**** Records provided

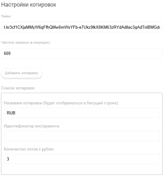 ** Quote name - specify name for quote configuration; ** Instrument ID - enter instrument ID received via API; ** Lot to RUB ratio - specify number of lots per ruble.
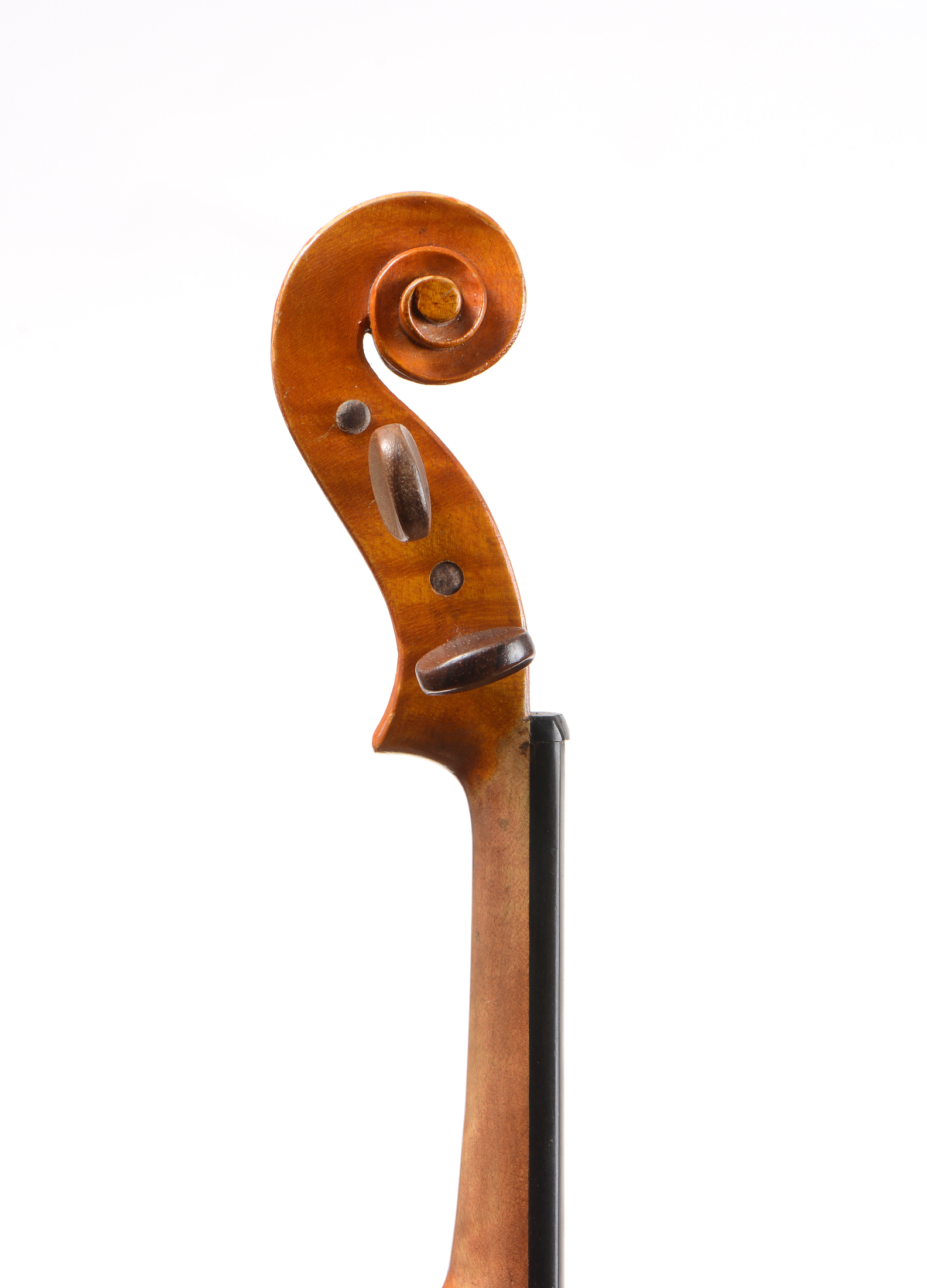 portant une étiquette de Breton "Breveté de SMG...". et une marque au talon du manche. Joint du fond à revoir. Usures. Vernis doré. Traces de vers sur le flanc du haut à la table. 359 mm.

********
**** Records provided

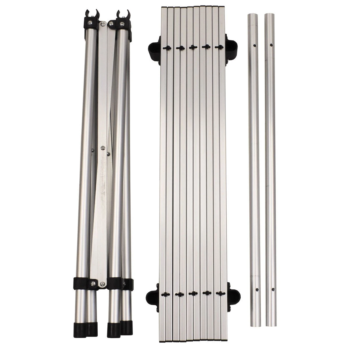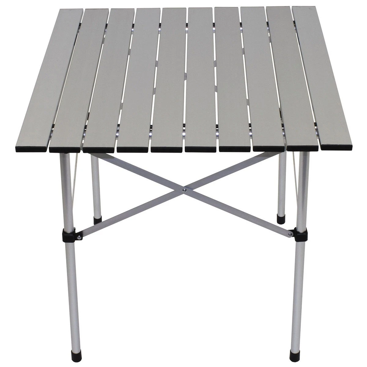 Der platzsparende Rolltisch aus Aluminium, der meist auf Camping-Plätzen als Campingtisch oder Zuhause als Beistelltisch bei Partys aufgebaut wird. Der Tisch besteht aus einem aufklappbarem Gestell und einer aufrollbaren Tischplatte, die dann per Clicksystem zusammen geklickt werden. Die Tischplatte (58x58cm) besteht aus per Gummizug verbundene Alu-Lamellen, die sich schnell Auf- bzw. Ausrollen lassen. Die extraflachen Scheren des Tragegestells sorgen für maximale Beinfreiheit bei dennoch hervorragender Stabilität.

********

» **Exercise instructions**:
The expected output is the lines above from the one containing "lots per ruble." to the one containing "portant une étiquette", both ends included, reproduced exactly with every picture left out.

» **Final answer**:
 ** Quote name - specify name for quote configuration; ** Instrument ID - enter instrument ID received via API; ** Lot to RUB ratio - specify number of lots per ruble.
 portant une étiquette de Breton "Breveté de SMG...". et une marque au talon du manche. Joint du fond à revoir. Usures. Vernis doré. Traces de vers sur le flanc du haut à la table. 359 mm.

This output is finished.